SUPPLIED RECORDS START

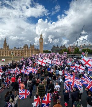 Acredita -se que os maiores protestos de direita na história britânica fossem cerca de 5,7 – 5,3 manifestantes no centro de Londres no sábado.
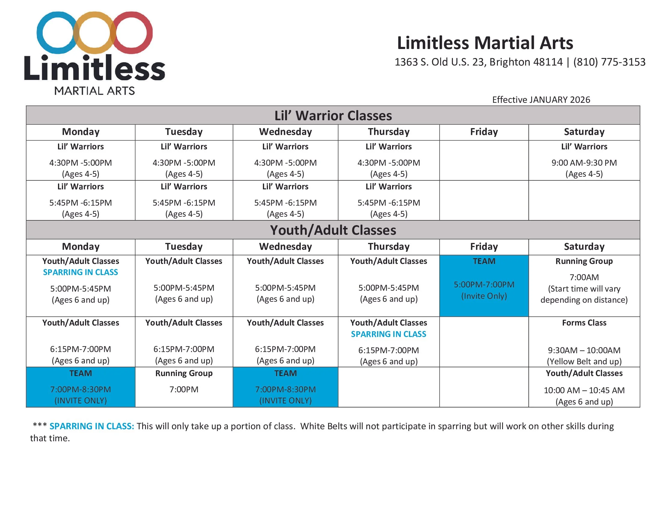 The schedule for the classes and programs that Limitless Tkd (Taekwondo) offers. Important events, like tournaments and seminars, are at the bottom of the page.
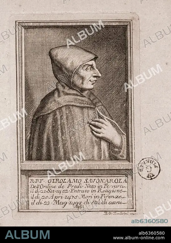 Caption: Savonarola, Girolamo. Italian preacher; Ferrara (Italy) 21.9.1452 - (executed). Florence 23.5.1498. "GIROLAMO SAVONAROLA (...) ". Copper engraving, undated, by Ferdinando Fambrini (active 1764-90). Inv. no. 8407. Florence, Gabinetto Disegni e Stampe.
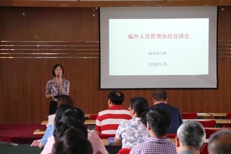 目前,研究所现有编外人员300余人,他们在管理、服务、科研、科辅等岗位上发挥着重要作用,是研究所持续健康发展的重要力量,今后研究所将继续加强编外人员管理,提高管理能力和水平。本次制度宣讲是深入贯彻落实研究所2018年工作重点任务,也是落实院所管理效益年的举措之一。
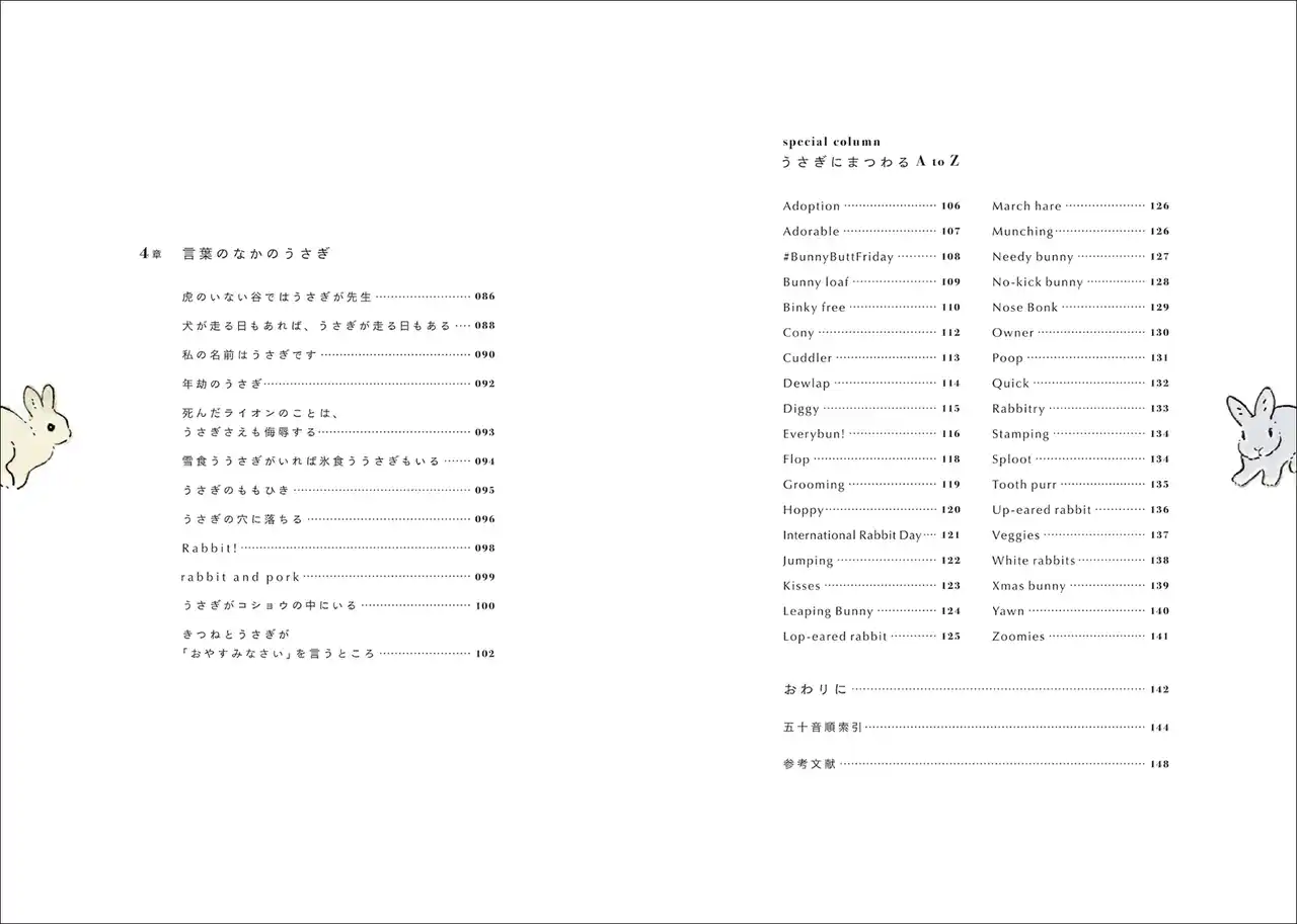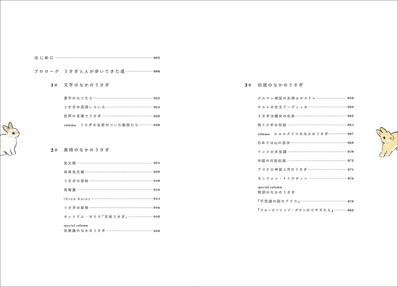 1章 文字のなかのうさぎ、2章 美術のなかのうさぎ、3章 伝説のなかのうさぎ、4章 言葉のなかのうさぎ special column: 宗教画のなかのうさぎ、物語のなかのうさぎ、うさぎにまつわるAtoZ |
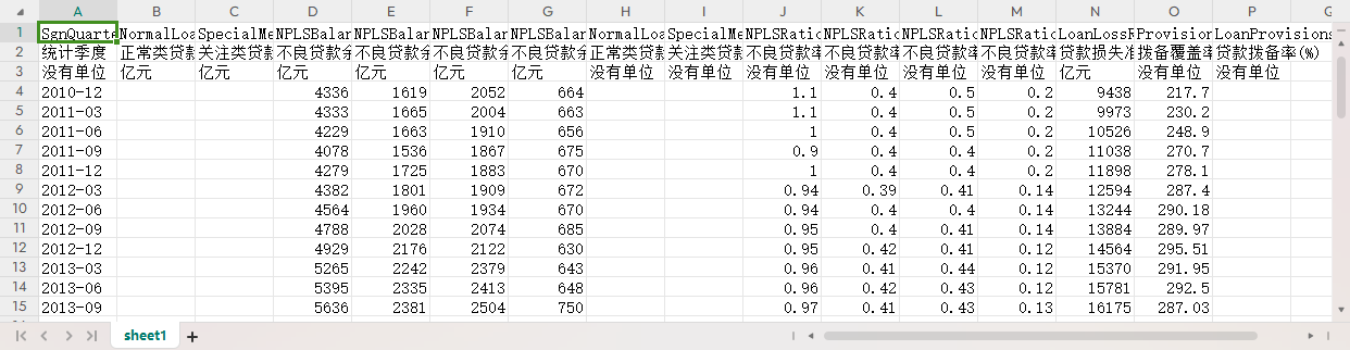 统计季度 正常类贷款 关注类贷款 不良贷款余额 不良贷款余额:次级贷款 不良贷款余额:可疑贷款 不良贷款余额:损失贷款 正常类贷款占比(%) 关注类贷款占比(%) 不良贷款率(%) 不良贷款率:次级贷款(%) 不良贷款率:可疑贷款(%) 不良贷款率:损失贷款(%) 贷款损失准备 拨备覆盖率(%) 贷款拨备率(%)
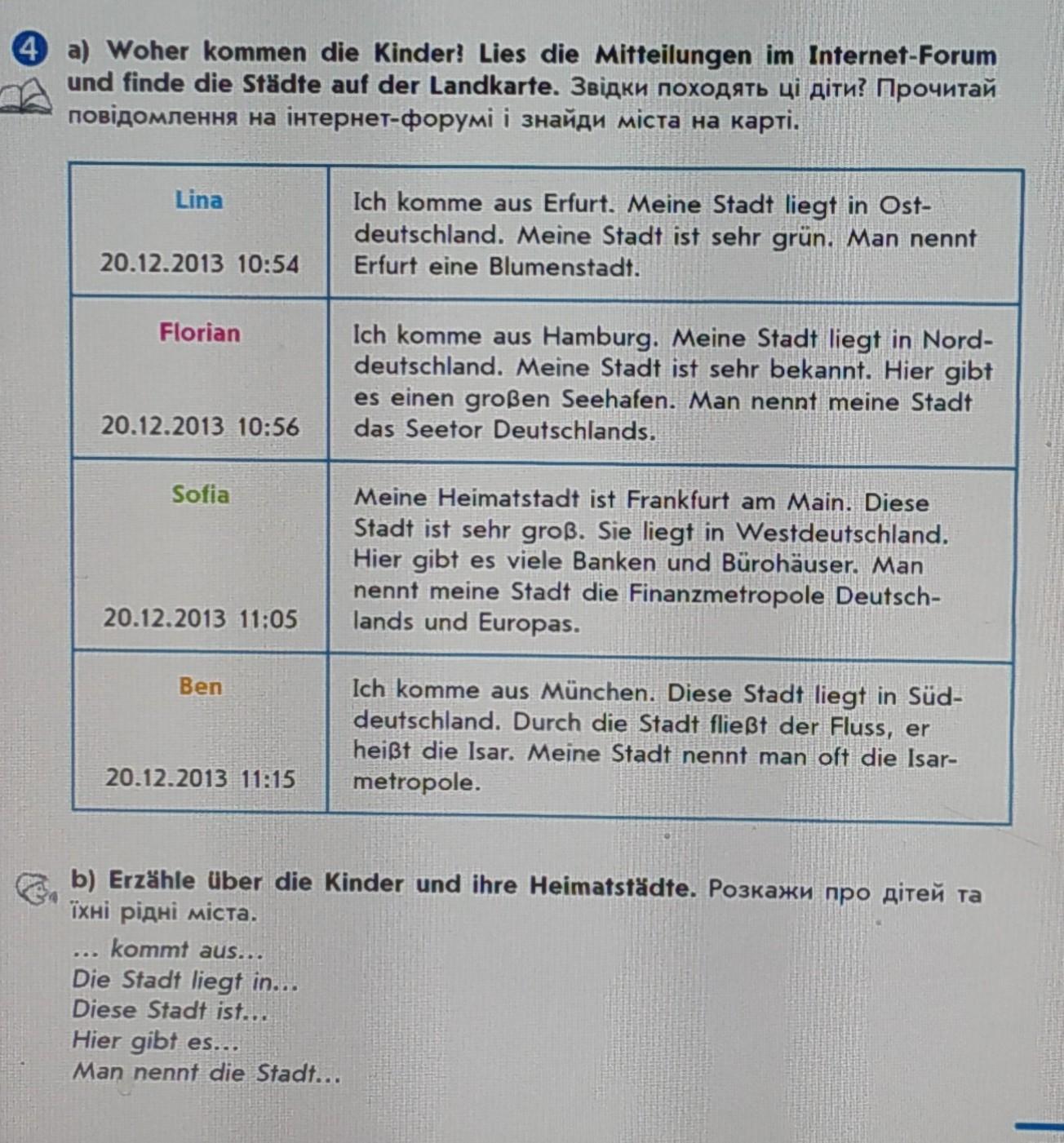 Es gibt fünf Kinder in diesem Internet-Forum, die über ihre Heimatstädte sprechen. Lina kommt aus Erfurt, das in Ostdeutschland liegt und bekannt als die "Blumenstadt" ist. Florian kommt aus Hamburg, im Norden Deutschlands, bekannt als das "Seetor Deutschlands" aufgrund seines großen Seehafens. Frankfurt am Main ist die Heimatstadt von einer anderen Person, einer großen Stadt in Westdeutschland mit vielen Banken und Bürohäusern, die als die Finanzmetropole Deutschlands und Europas bekannt ist. Ben kommt aus München, einer Stadt im Süden Deutschlands, die oft als die Isarmetropole bezeichnet wird, da der Fluss Isar durch die Stadt fließt.

SUPPLIED RECORDS END

● REQUIRED WORK: In the records above, find the line with "统计季度 正常类贷款 关注类贷款" and copy from it through the last line exactly, without the pictures.

● WRITTEN RESPONSE:
 统计季度 正常类贷款 关注类贷款 不良贷款余额 不良贷款余额:次级贷款 不良贷款余额:可疑贷款 不良贷款余额:损失贷款 正常类贷款占比(%) 关注类贷款占比(%) 不良贷款率(%) 不良贷款率:次级贷款(%) 不良贷款率:可疑贷款(%) 不良贷款率:损失贷款(%) 贷款损失准备 拨备覆盖率(%) 贷款拨备率(%)
 Es gibt fünf Kinder in diesem Internet-Forum, die über ihre Heimatstädte sprechen. Lina kommt aus Erfurt, das in Ostdeutschland liegt und bekannt als die "Blumenstadt" ist. Florian kommt aus Hamburg, im Norden Deutschlands, bekannt als das "Seetor Deutschlands" aufgrund seines großen Seehafens. Frankfurt am Main ist die Heimatstadt von einer anderen Person, einer großen Stadt in Westdeutschland mit vielen Banken und Bürohäusern, die als die Finanzmetropole Deutschlands und Europas bekannt ist. Ben kommt aus München, einer Stadt im Süden Deutschlands, die oft als die Isarmetropole bezeichnet wird, da der Fluss Isar durch die Stadt fließt.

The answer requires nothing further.